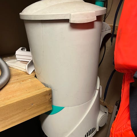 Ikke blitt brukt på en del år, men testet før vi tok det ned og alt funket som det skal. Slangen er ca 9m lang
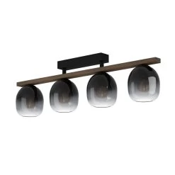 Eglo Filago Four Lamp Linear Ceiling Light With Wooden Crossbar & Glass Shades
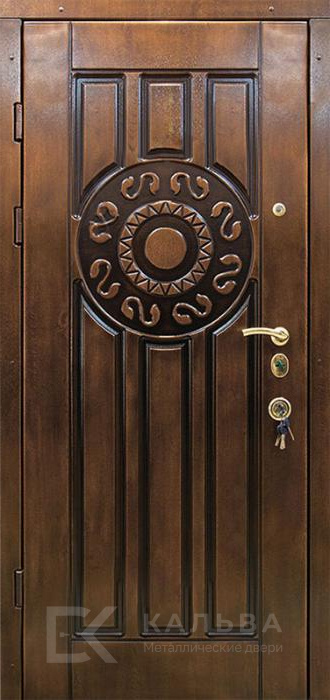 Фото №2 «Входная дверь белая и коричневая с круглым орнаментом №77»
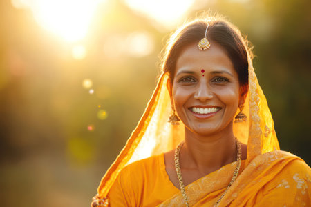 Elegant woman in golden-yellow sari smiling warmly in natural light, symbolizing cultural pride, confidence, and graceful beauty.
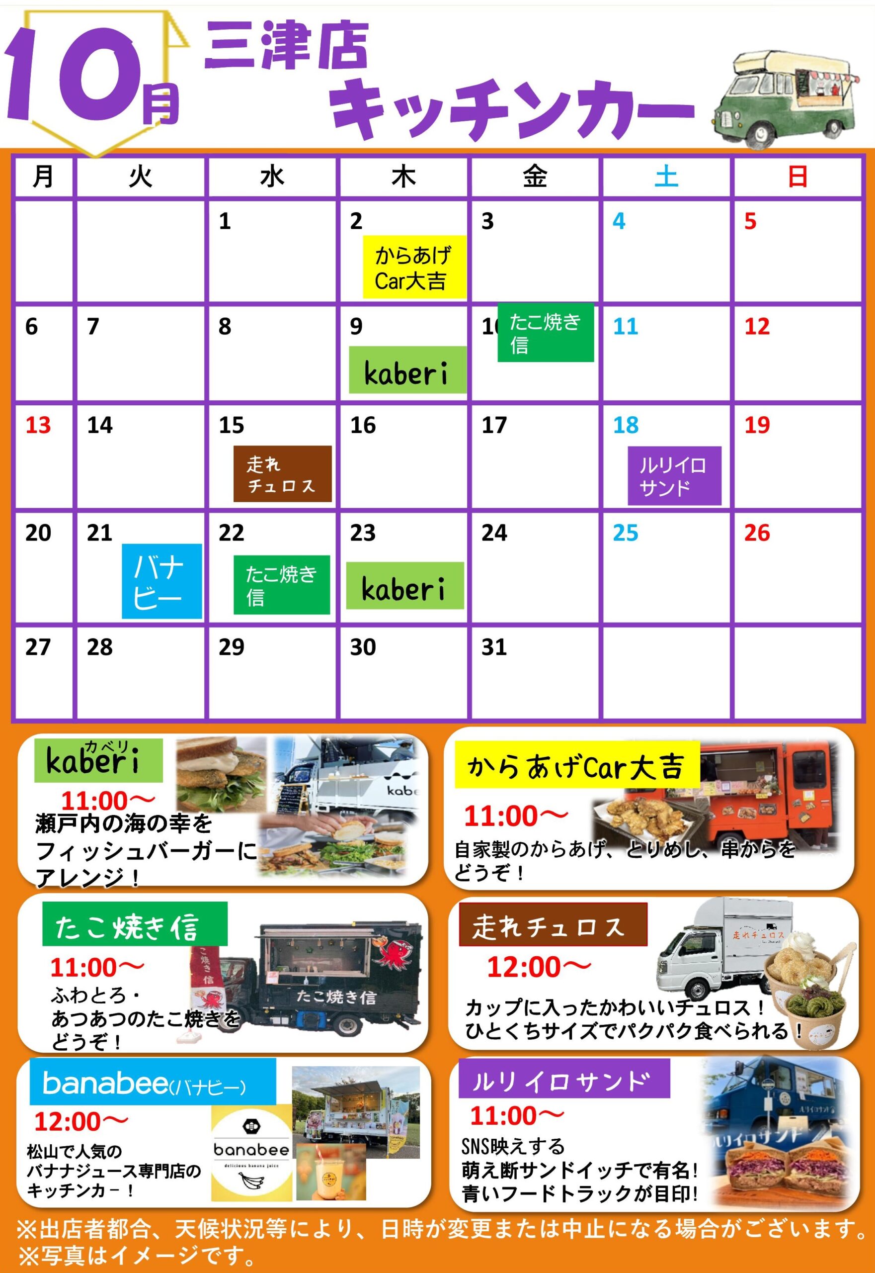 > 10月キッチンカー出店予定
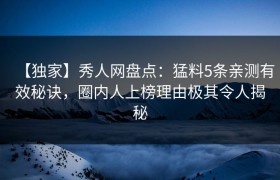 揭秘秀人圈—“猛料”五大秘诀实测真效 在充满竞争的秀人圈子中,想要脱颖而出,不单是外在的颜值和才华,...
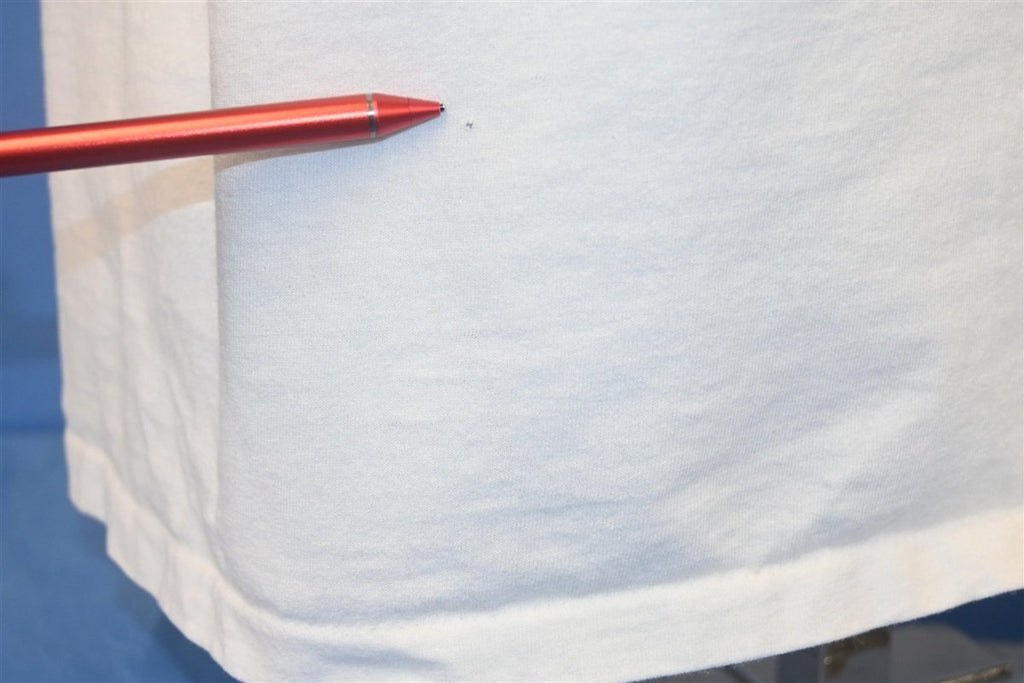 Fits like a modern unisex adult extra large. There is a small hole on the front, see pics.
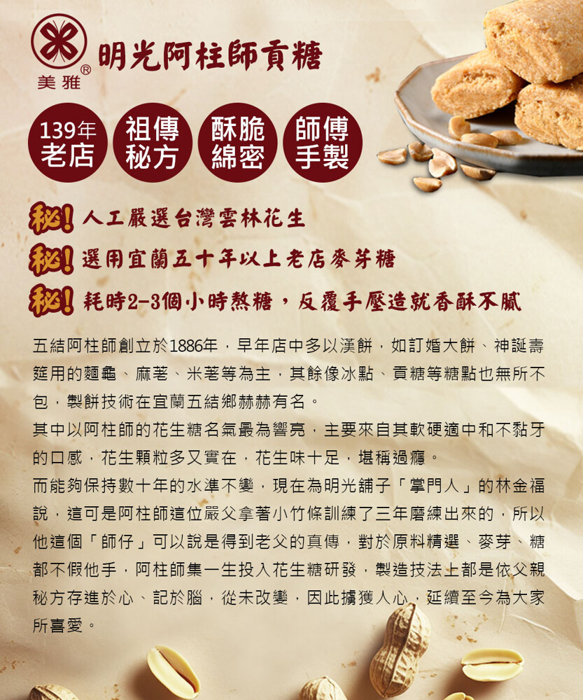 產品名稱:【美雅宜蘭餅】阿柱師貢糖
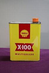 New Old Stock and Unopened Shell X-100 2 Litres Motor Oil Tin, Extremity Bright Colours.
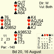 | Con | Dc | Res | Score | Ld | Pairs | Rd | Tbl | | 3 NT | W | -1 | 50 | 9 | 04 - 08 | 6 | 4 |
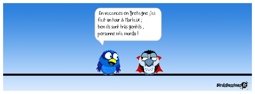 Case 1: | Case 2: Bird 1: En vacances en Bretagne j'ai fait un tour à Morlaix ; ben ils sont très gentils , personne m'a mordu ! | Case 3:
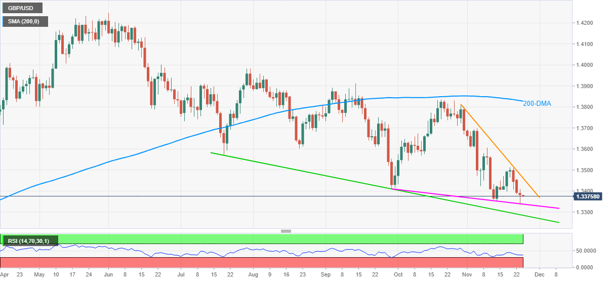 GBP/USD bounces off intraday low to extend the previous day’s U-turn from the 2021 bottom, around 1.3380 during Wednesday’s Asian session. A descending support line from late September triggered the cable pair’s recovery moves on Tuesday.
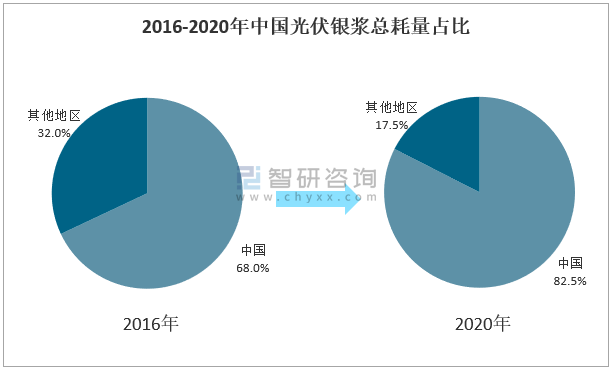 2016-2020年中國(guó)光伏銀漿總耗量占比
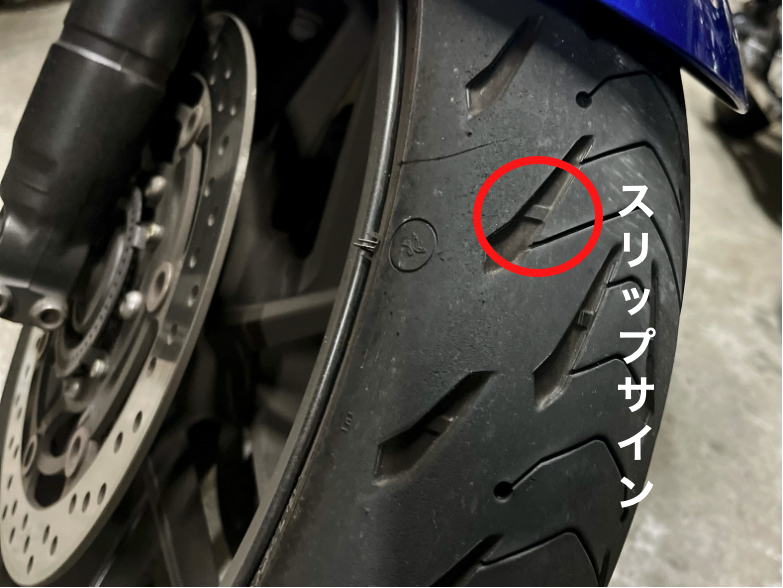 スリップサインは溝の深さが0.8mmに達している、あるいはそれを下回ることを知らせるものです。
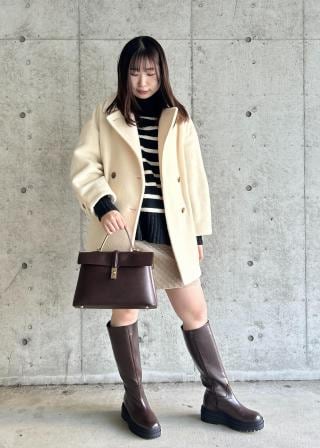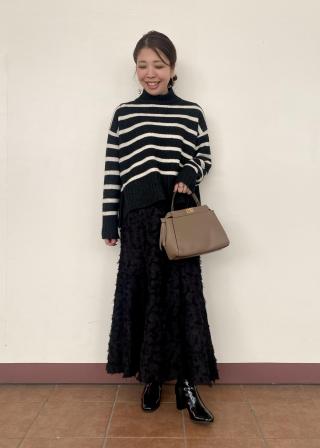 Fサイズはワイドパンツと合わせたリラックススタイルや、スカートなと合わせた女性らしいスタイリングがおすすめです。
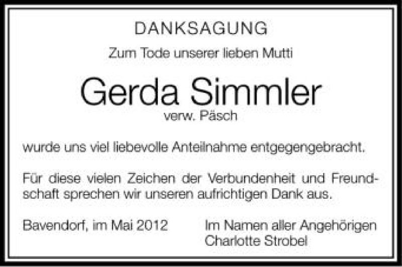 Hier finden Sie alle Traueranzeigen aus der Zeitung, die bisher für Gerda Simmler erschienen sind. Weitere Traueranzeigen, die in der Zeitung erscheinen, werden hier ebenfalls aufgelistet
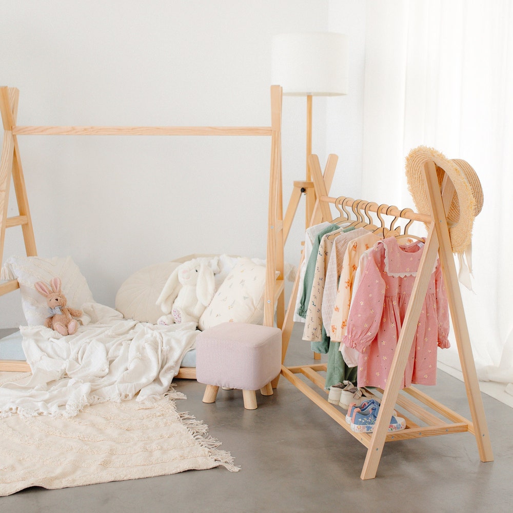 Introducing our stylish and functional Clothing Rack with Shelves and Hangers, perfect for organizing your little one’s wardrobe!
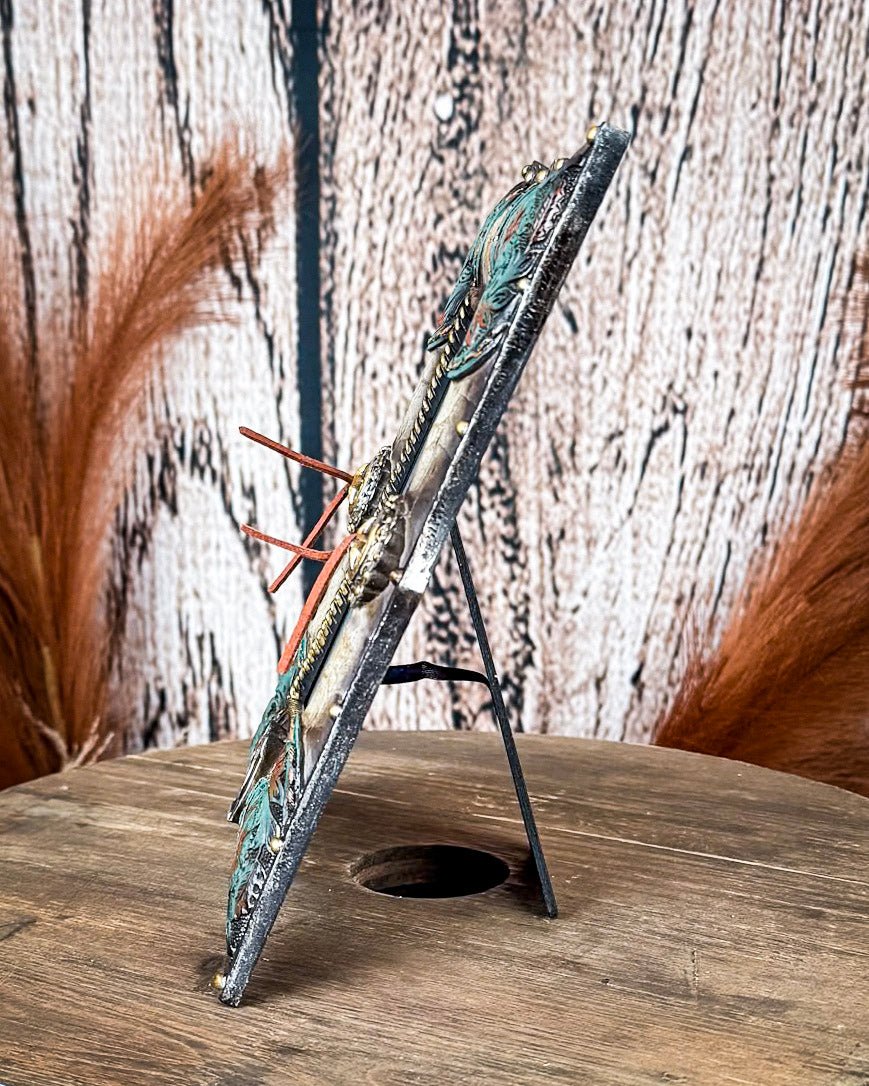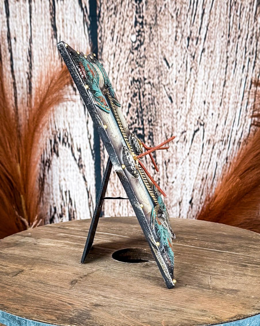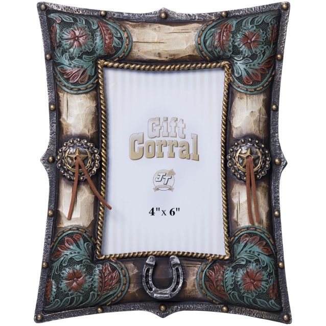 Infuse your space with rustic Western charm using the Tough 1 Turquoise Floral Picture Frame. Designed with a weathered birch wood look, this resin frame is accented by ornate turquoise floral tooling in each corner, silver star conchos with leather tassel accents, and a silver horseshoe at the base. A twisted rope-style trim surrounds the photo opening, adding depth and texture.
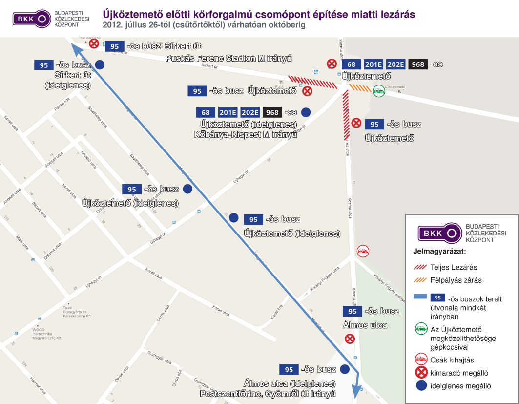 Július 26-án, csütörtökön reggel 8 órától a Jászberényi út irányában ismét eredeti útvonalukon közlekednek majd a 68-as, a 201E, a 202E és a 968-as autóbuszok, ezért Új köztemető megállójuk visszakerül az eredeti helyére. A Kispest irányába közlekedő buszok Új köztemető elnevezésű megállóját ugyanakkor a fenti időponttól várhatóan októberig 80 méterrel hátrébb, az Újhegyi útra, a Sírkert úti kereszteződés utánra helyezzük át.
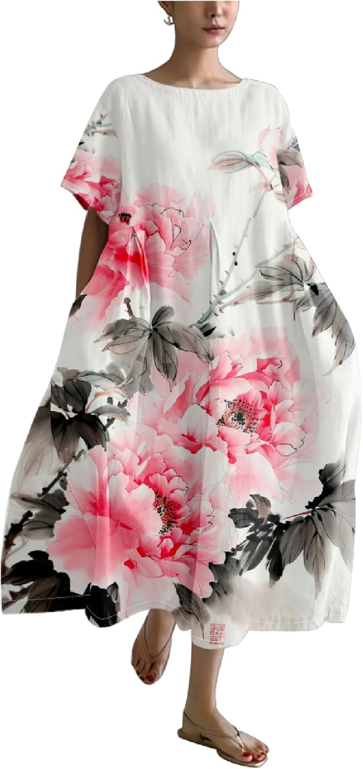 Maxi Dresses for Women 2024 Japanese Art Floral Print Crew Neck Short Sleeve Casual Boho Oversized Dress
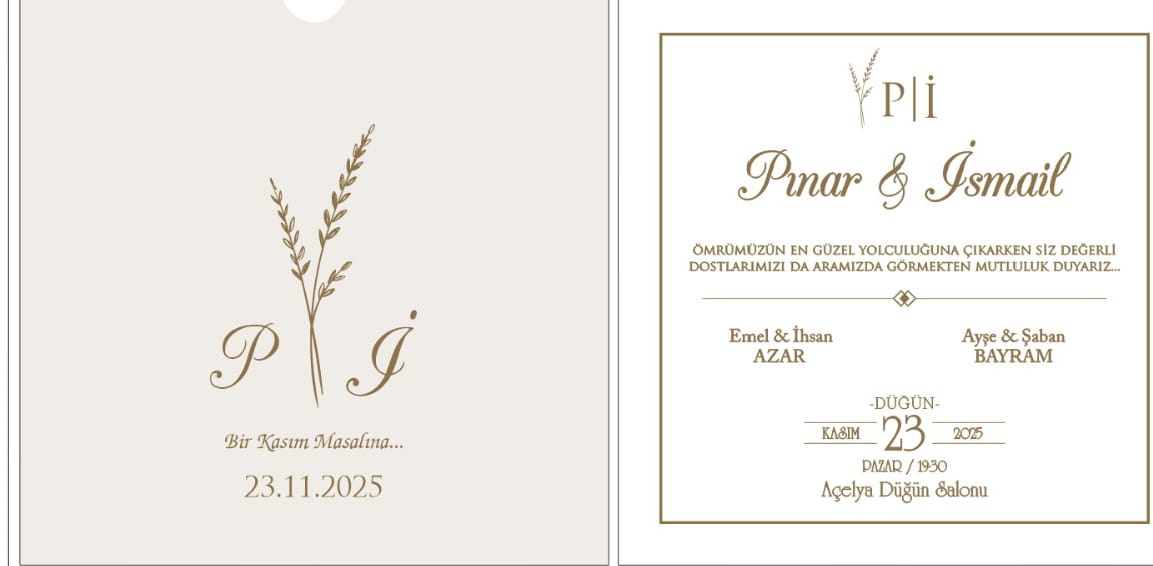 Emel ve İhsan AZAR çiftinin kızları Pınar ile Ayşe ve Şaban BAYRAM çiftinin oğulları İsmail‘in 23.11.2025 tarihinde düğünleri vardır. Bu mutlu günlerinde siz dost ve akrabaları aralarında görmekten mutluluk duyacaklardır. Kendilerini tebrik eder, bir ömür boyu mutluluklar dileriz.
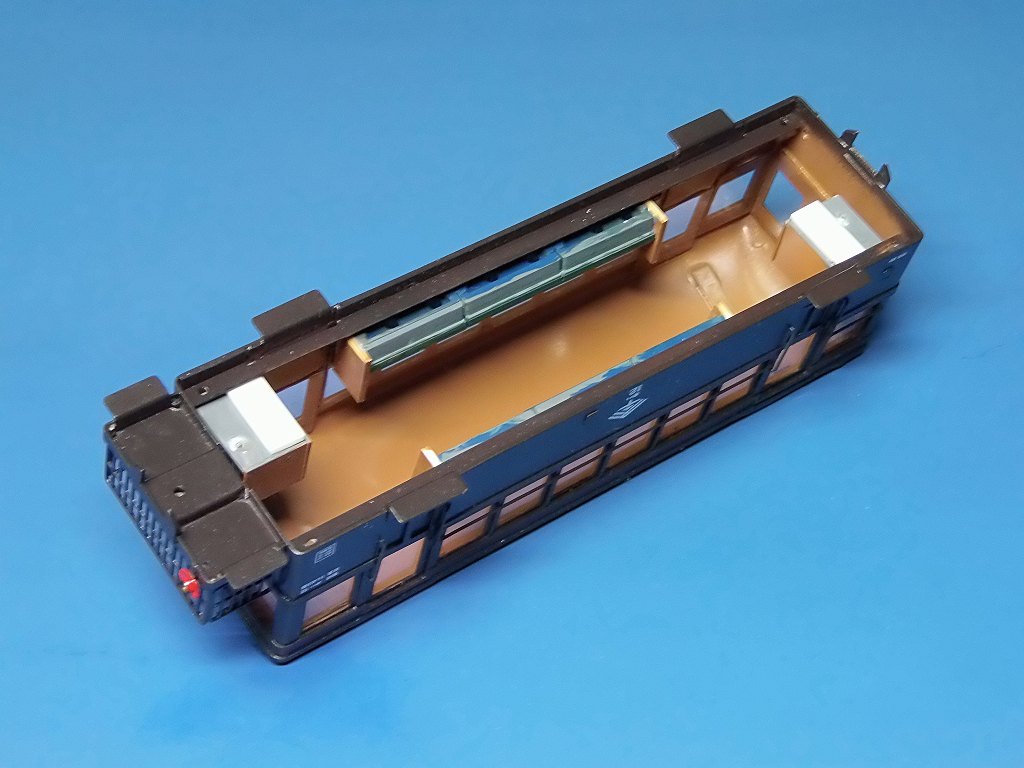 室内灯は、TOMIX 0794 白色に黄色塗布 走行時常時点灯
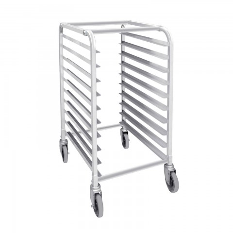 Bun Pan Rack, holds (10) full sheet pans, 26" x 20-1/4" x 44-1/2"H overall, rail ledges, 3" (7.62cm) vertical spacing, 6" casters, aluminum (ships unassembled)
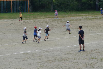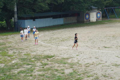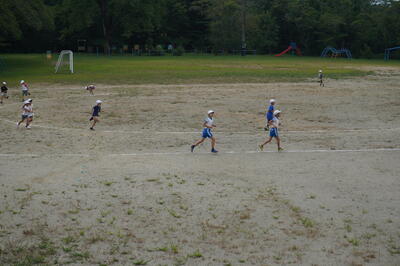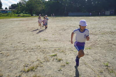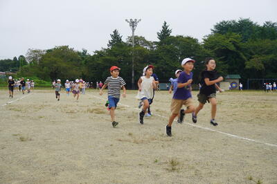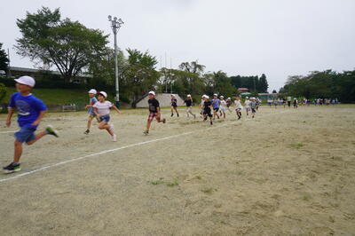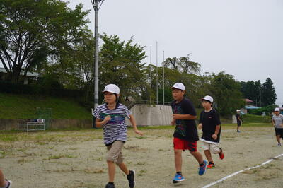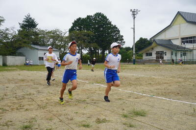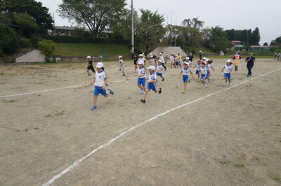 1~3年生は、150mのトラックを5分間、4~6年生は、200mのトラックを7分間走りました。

Problem to work on:
Retype the lines above exactly as they appear, from the line containing "2016-2020年中國(guó)光伏銀漿總耗量占比" through the line containing "Maxi Dresses for", and leave out any pictures.

Exercise solution:
 2016-2020年中國(guó)光伏銀漿總耗量占比
 スリップサインは溝の深さが0.8mmに達している、あるいはそれを下回ることを知らせるものです。
 Fサイズはワイドパンツと合わせたリラックススタイルや、スカートなと合わせた女性らしいスタイリングがおすすめです。
 Hier finden Sie alle Traueranzeigen aus der Zeitung, die bisher für Gerda Simmler erschienen sind. Weitere Traueranzeigen, die in der Zeitung erscheinen, werden hier ebenfalls aufgelistet
 Introducing our stylish and functional Clothing Rack with Shelves and Hangers, perfect for organizing your little one’s wardrobe!
 Infuse your space with rustic Western charm using the Tough 1 Turquoise Floral Picture Frame. Designed with a weathered birch wood look, this resin frame is accented by ornate turquoise floral tooling in each corner, silver star conchos with leather tassel accents, and a silver horseshoe at the base. A twisted rope-style trim surrounds the photo opening, adding depth and texture.
 Július 26-án, csütörtökön reggel 8 órától a Jászberényi út irányában ismét eredeti útvonalukon közlekednek majd a 68-as, a 201E, a 202E és a 968-as autóbuszok, ezért Új köztemető megállójuk visszakerül az eredeti helyére. A Kispest irányába közlekedő buszok Új köztemető elnevezésű megállóját ugyanakkor a fenti időponttól várhatóan októberig 80 méterrel hátrébb, az Újhegyi útra, a Sírkert úti kereszteződés utánra helyezzük át.
 Maxi Dresses for Women 2024 Japanese Art Floral Print Crew Neck Short Sleeve Casual Boho Oversized Dress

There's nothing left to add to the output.